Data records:
^^^^

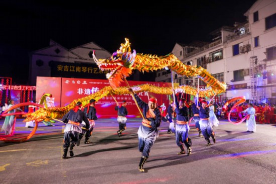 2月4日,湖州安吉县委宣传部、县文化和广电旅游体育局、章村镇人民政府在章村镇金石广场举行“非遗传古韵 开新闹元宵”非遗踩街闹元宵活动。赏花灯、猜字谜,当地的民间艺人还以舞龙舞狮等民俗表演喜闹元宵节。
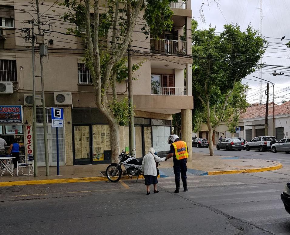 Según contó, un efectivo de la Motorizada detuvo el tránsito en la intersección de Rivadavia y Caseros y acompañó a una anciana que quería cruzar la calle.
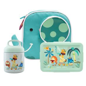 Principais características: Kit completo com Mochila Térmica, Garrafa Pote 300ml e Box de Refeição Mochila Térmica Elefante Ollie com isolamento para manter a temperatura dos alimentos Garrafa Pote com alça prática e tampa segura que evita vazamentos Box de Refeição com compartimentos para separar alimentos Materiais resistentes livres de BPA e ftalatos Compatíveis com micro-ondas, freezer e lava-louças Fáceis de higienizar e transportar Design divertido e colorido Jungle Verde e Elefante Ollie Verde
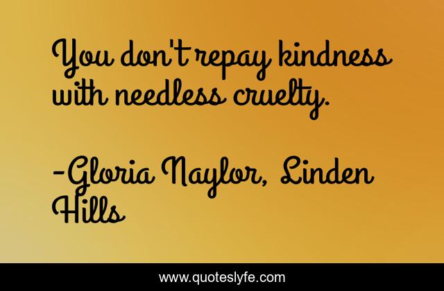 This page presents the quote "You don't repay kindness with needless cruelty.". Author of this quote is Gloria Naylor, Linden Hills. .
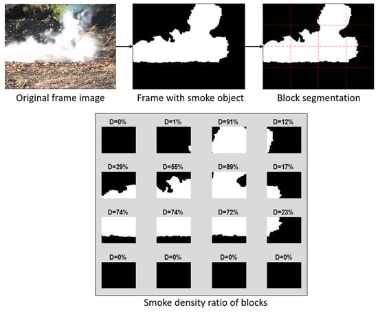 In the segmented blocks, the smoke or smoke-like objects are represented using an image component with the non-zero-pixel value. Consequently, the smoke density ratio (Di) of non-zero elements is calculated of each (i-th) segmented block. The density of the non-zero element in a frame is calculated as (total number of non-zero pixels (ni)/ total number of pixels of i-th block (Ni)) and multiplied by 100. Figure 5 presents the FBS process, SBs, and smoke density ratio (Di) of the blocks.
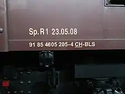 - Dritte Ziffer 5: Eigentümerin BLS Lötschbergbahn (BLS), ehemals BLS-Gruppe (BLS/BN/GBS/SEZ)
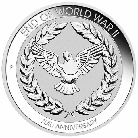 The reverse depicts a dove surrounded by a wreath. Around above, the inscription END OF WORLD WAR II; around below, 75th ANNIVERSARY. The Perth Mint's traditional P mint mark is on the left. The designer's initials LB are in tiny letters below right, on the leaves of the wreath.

^^^^

**WHAT TO WORK ON:**
In the copy, include exactly the lines from the one with "In the segmented" through the final line of the data, both ends included, and no pictures.

**WRITTEN RESPONSE:**
 In the segmented blocks, the smoke or smoke-like objects are represented using an image component with the non-zero-pixel value. Consequently, the smoke density ratio (Di) of non-zero elements is calculated of each (i-th) segmented block. The density of the non-zero element in a frame is calculated as (total number of non-zero pixels (ni)/ total number of pixels of i-th block (Ni)) and multiplied by 100. Figure 5 presents the FBS process, SBs, and smoke density ratio (Di) of the blocks.
 - Dritte Ziffer 5: Eigentümerin BLS Lötschbergbahn (BLS), ehemals BLS-Gruppe (BLS/BN/GBS/SEZ)
 The reverse depicts a dove surrounded by a wreath. Around above, the inscription END OF WORLD WAR II; around below, 75th ANNIVERSARY. The Perth Mint's traditional P mint mark is on the left. The designer's initials LB are in tiny letters below right, on the leaves of the wreath.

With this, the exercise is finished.